Early mapping studies of Scc1 on S. cerevisiae chromosomes found binding sites near the silent loci, apparently coinciding with the boundary elements in the case of HMR (Blat and Kleckner 1999; Laloraya et al. 2000). The function of boundary elements was compromised in some cohesin mutants, suggesting that the complex might normally act to delimit silent domains (Donze et al. 1999). Further evidence of a connection between silencing and sister chromatid cohesion arose from studies on de novo transcriptional repression. Bell and coworkers (Lau et al. 2002) found that Scc1 negatively regulates establishment of the silent state. Still further work indicated that sister cohesion plays a positive role (Suter et al. 2004). In mutants lacking CTF4, CTF18, or DCC1, all genes that link DNA replication to the establishment of cohesion, transcriptional repression of reporter genes at HMR and telomeres is compromised.

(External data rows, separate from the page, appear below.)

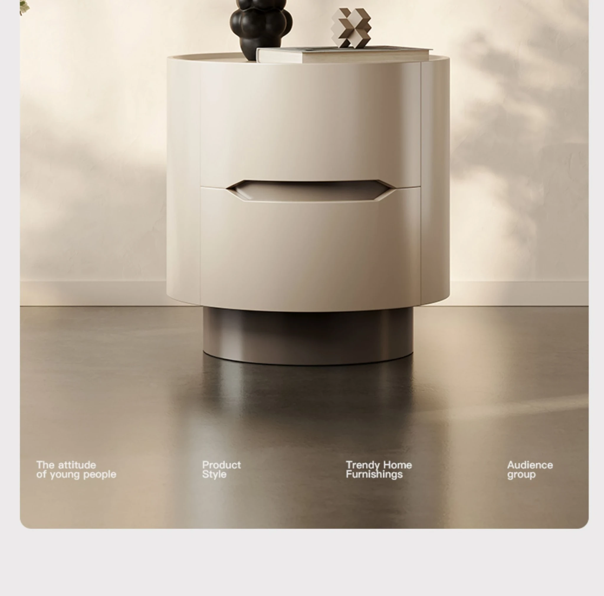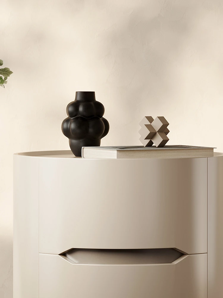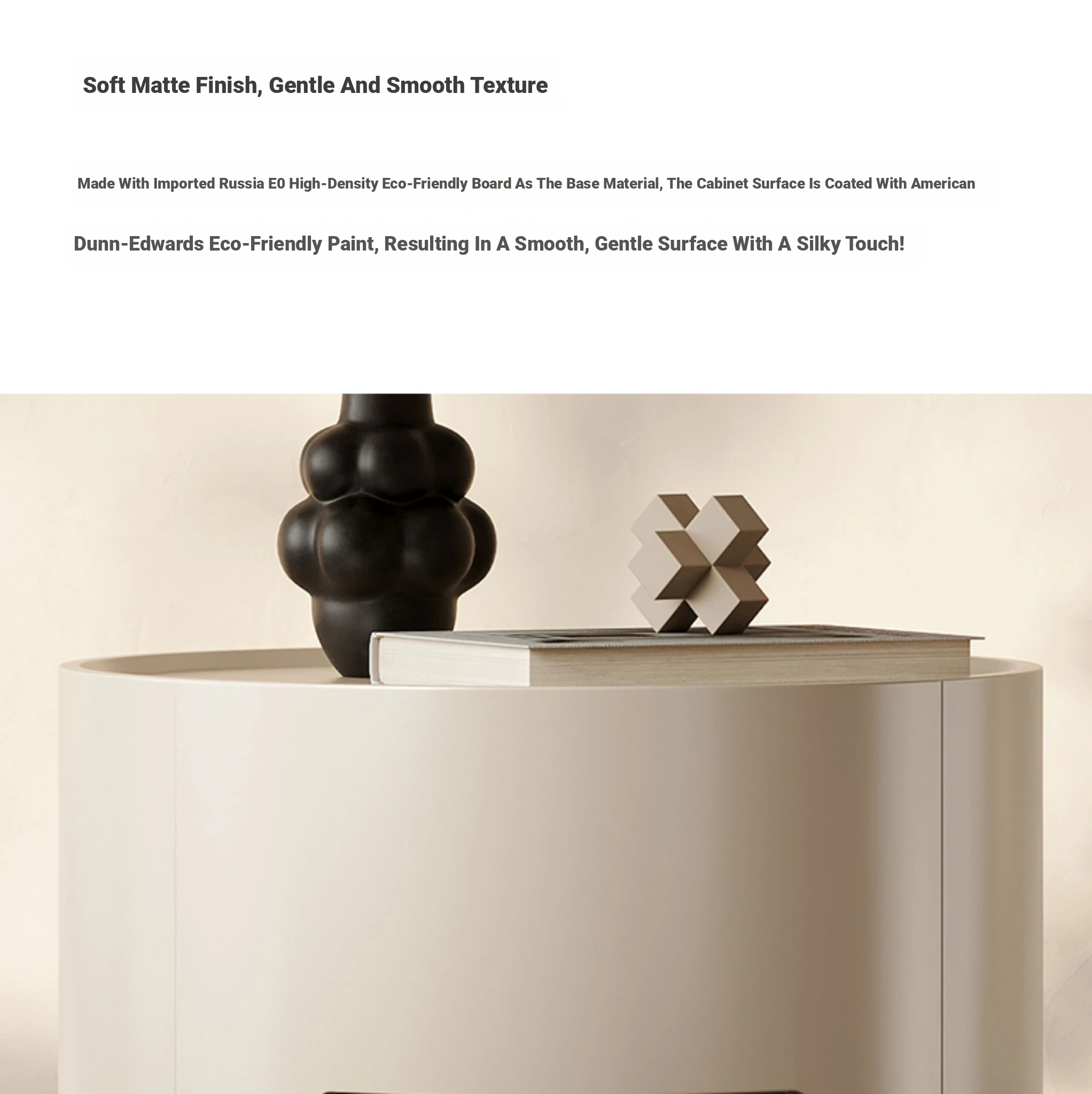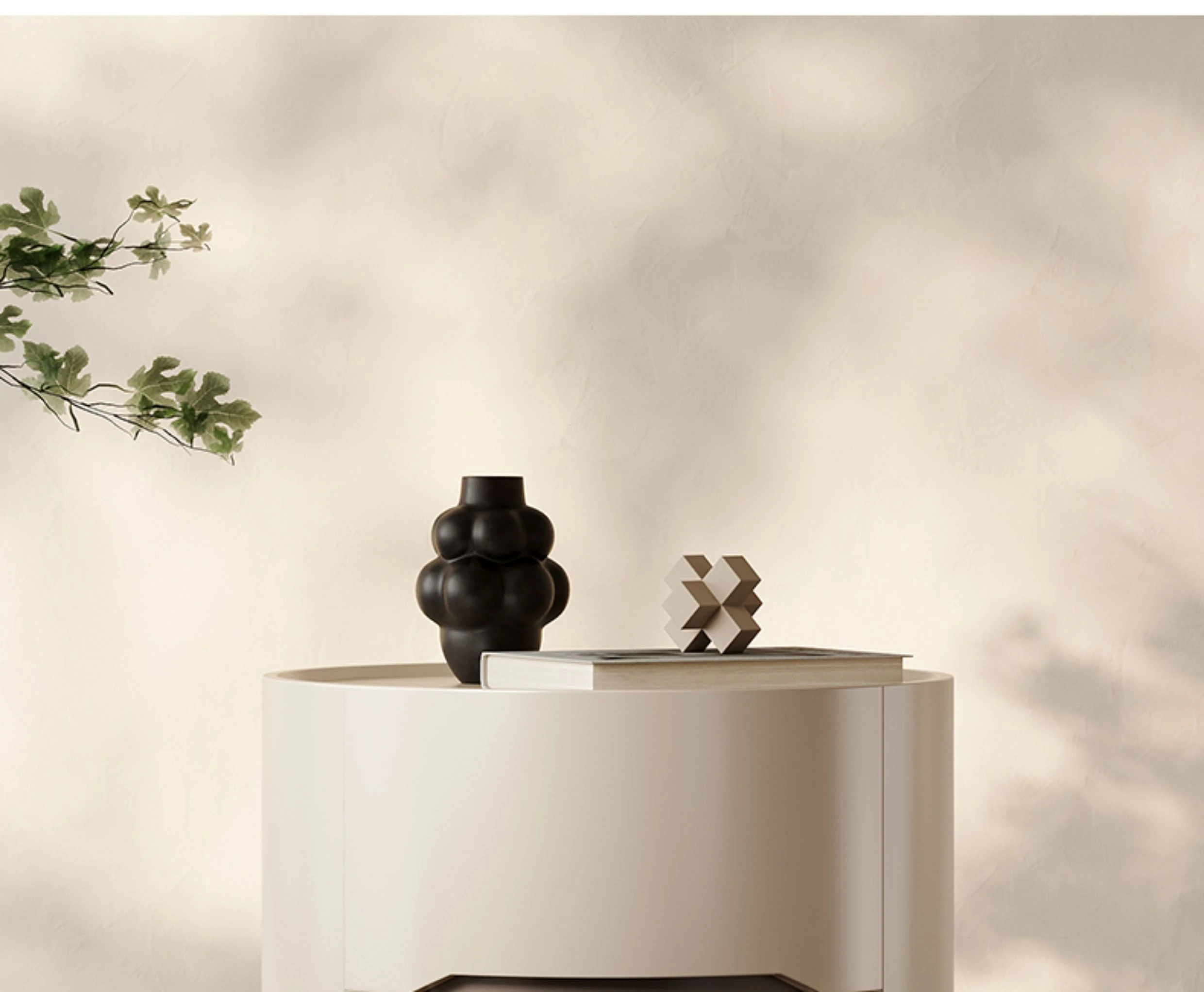 Melolat Italian Designer Nightstand - High-End Italian Minimalist Modern Luxury with Creamy Aesthetic and Round Shape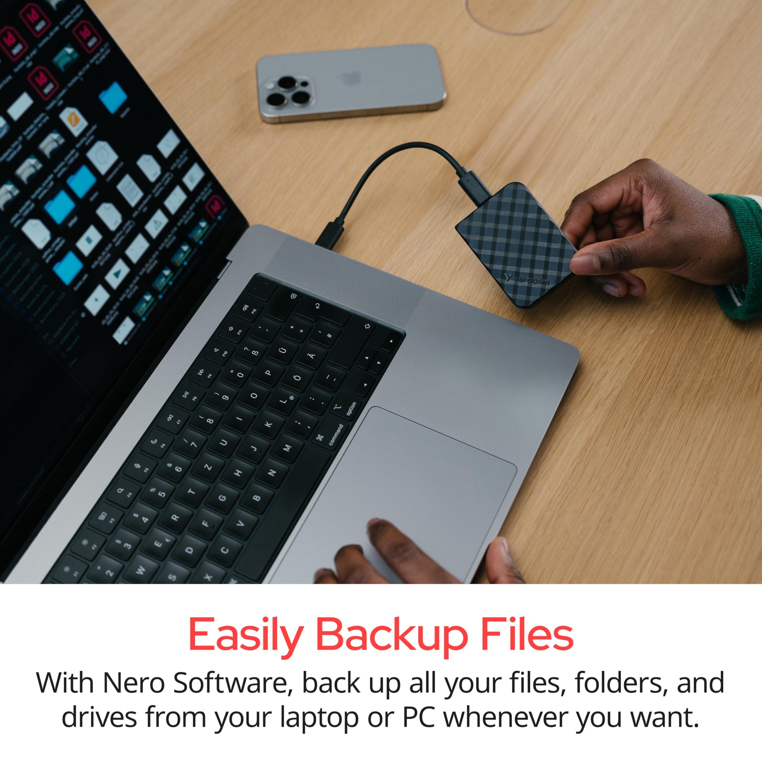 - Contenuto della confezione: 1 x SSD esterno da 1 TB, cavo micro B a USB-A, adattatore da USB A a USB-C, software di backup e formattazione Nero (solo Windows), guida rapida e manuale utente (memorizzato su SSD).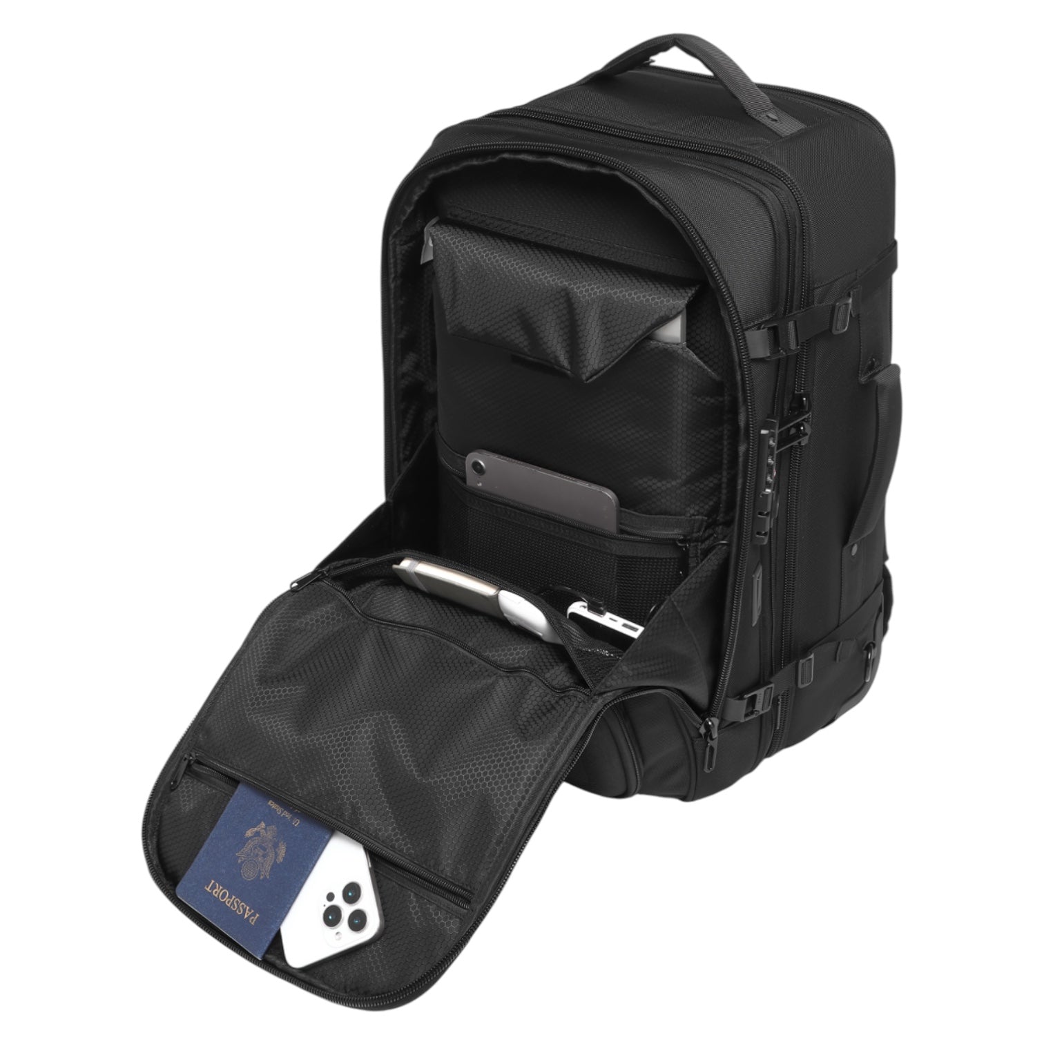 Security is built directly into the design with a double-sided, TSA-approved combination lock that secures both the main compartment and the padded laptop compartment, helping protect valuables throughout travel.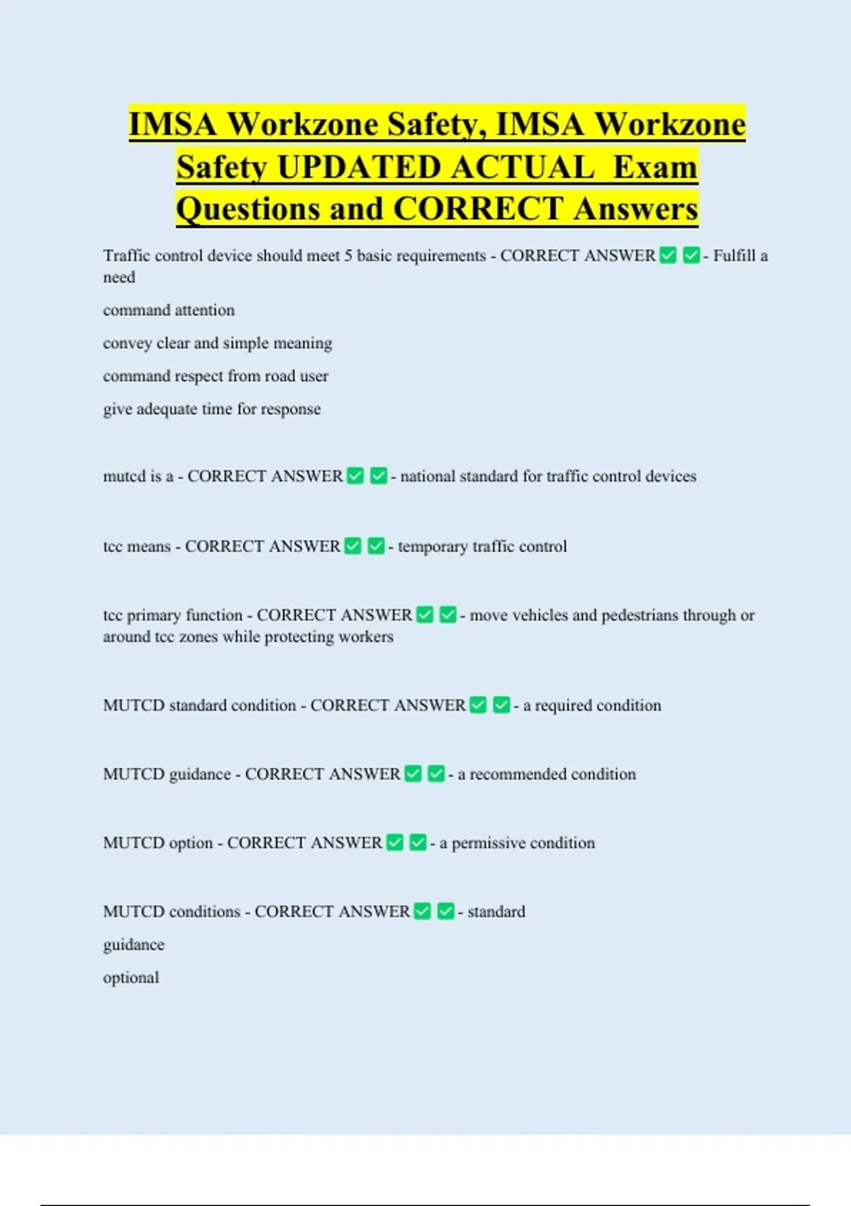 IMSA Workzone Safety, IMSA Workzone Safety UPDATED ACTUAL Exam Questions and CORRECT Answers Traffic control device should meet 5 basic requirements - CORRECT ANSWER need command attention convey clear and simple meaning command respect from road user give adequate time for response mutcd is a - CORRECT ANSWER tcc means - CORRECT ANSWER - national standard for traffic control devi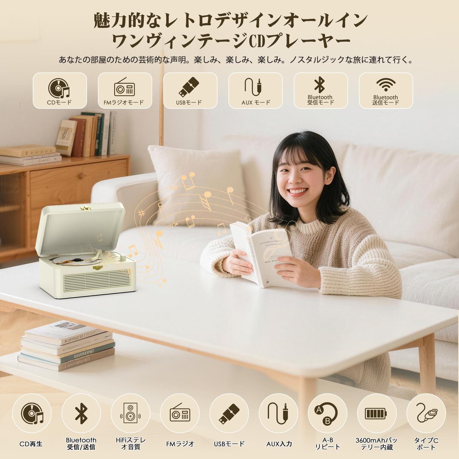 Gueray CDプレーヤー レトロ Bluetooth受信&送信 HiFIスピーカー内蔵 充電可能 ポータブル cd player USB再生 AUX入力 A-Bリピート機能 遠隔操作 FMラジオ CDラジカセ イヤホン対応 語学学習 音楽鑑賞 日本語取扱説明書付き Y-02 ベージュ色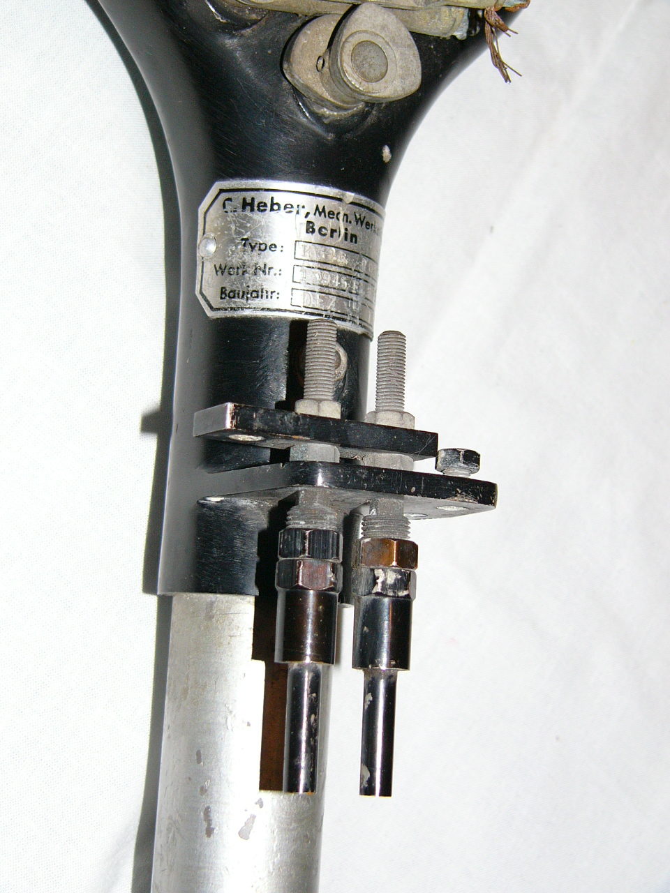 Fl.47901 Steuerknüppel mit Knüppelgriff KG 2B, 1938 Bezeichnung: Steuerknüppel mit Knüppelgriff KG 2B Anforderungszeichen: Fl.47901 Baumuster: KG 2B Hersteller: L.Heber, Mechanische Werkstätten, Berlin Baujahr: 1938 Eingebaut in: z.B. Junkers Ju 87A
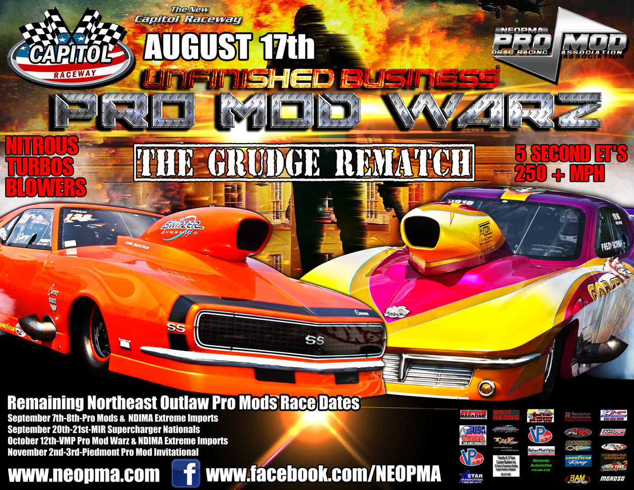 The NEOPMA would like to thank all the sponsors below, Pro Mod Teams and Crews, Tracks and Fans who support the ¼ Mile Pro Mod series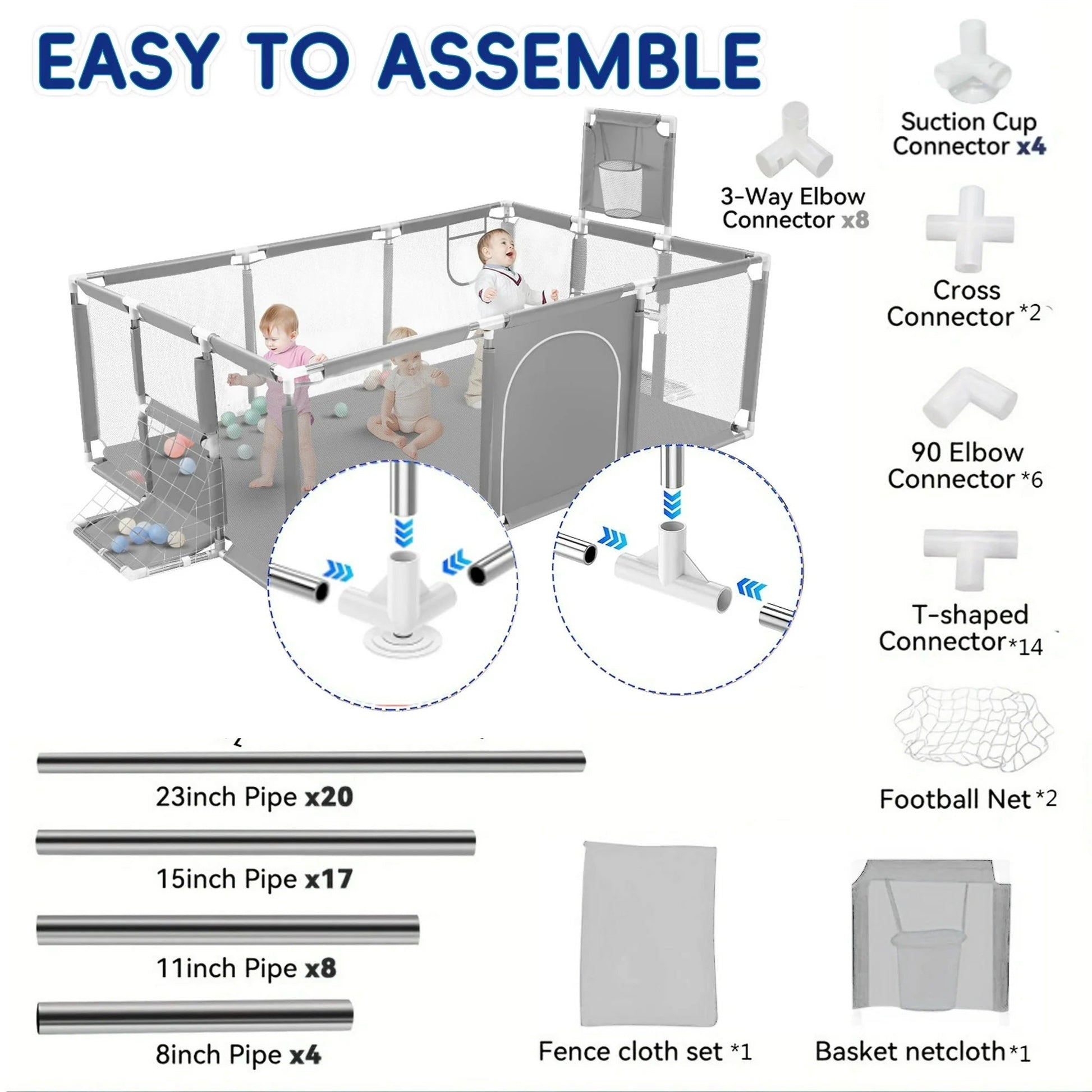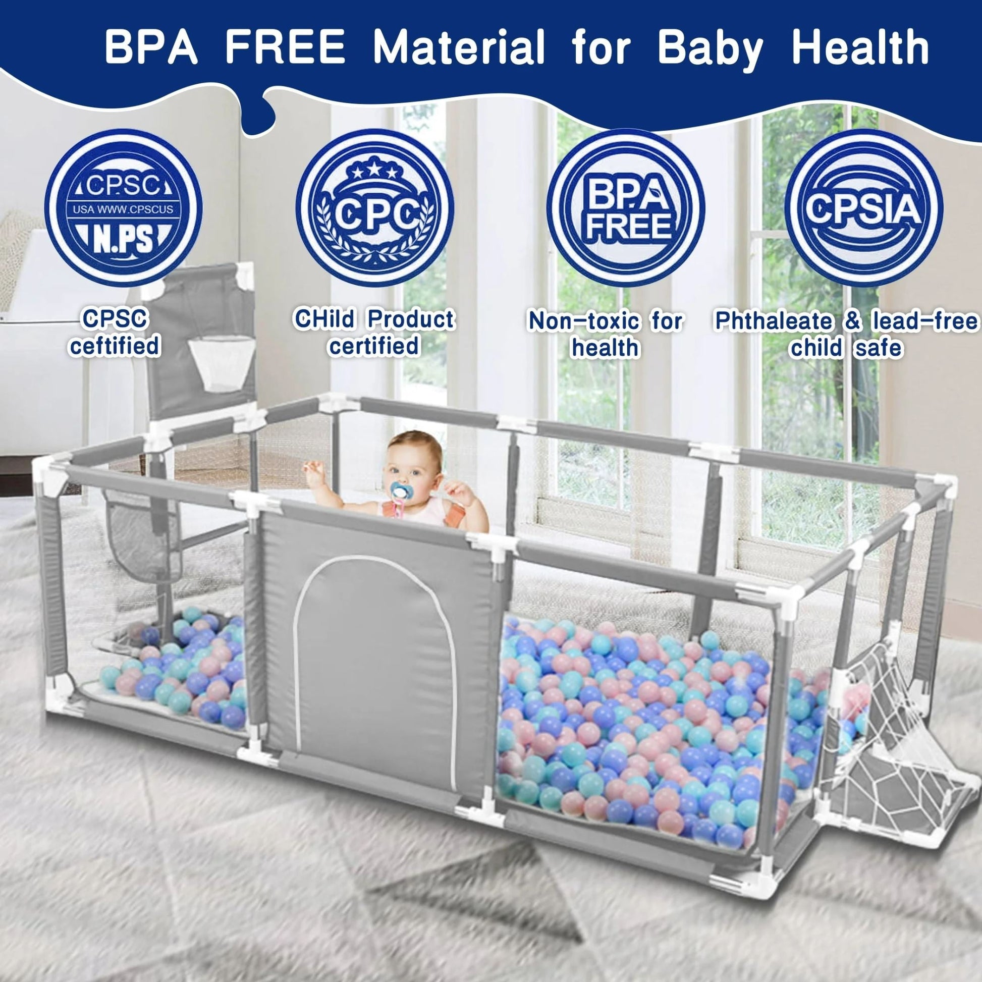 Extra Large PlayPen for Babies and Toddlers,Sturdy Toddler Ball Pit Playpen with Basketball Hoop and Football Net Indoor Safty Infant Play Yard for Baby.

Despite evidence of a relationship between silencing and cohesin in budding yeast, there has been no demonstration that silenced loci on sister chromatids are held together. In this study, we used fluorescence microscopy and chromatin immunoprecipitation (ChIP) to monitor cohesion of HMR alleles that were uncoupled from chromosomes at mitosis by site-specific recombination. We found that pairs of excised chromatin circles were associated with one another by a process that required both cohesin and Sir-mediated repression at HMR. Inhibition of silencing in cells with sister chromatids disrupted cohesion, prompting loss of the complex from unexcised chromosomal templates but not from excised circles. The results suggest that silent chromatin targets and maintains cohesin function by a mechanism that involves topological linkage of the ring-shaped complex to individual chromatids.

Results

Experimental rationale and design

Studies of cohesion often rely on direct visualization of sister chromatids that are illuminated either by GFP-tagged bacterial repressors or by FISH probes. The approaches are well suited for characterization of global regulators of cohesion but not modifiers of cohesion at specific loci. In the latter case, loss of cohesion at a specific site will likely be masked by the persistence of cohesion at neighboring sites (Megee and Koshland 1999). While studying the localization of HMR on newly replicated chromosomes, we were concerned that cohesion along the arm of chromosome III would mask potential interactions between the silenced loci of sister chromatids. To overcome this constraint, we used strains in which the entire HMR locus could be uncoupled from the remainder of the chromosome by site-specific recombination (Gartenberg et al. 2004). Target sites for the R recombinase of Zygosaccharomyces rouxii (RS sites) were placed at positions that bracketed the E and I silencers (Fig. 1A). Flanking chromosomal sequences that possess defined boundary element activity did not lie between the recombinase sites (Donze et al. 1999). In this way, HMR could be uncoupled from the boundary elements and other neighboring sequences that might independently promote cohesion.

Figure 1.

Figure 1.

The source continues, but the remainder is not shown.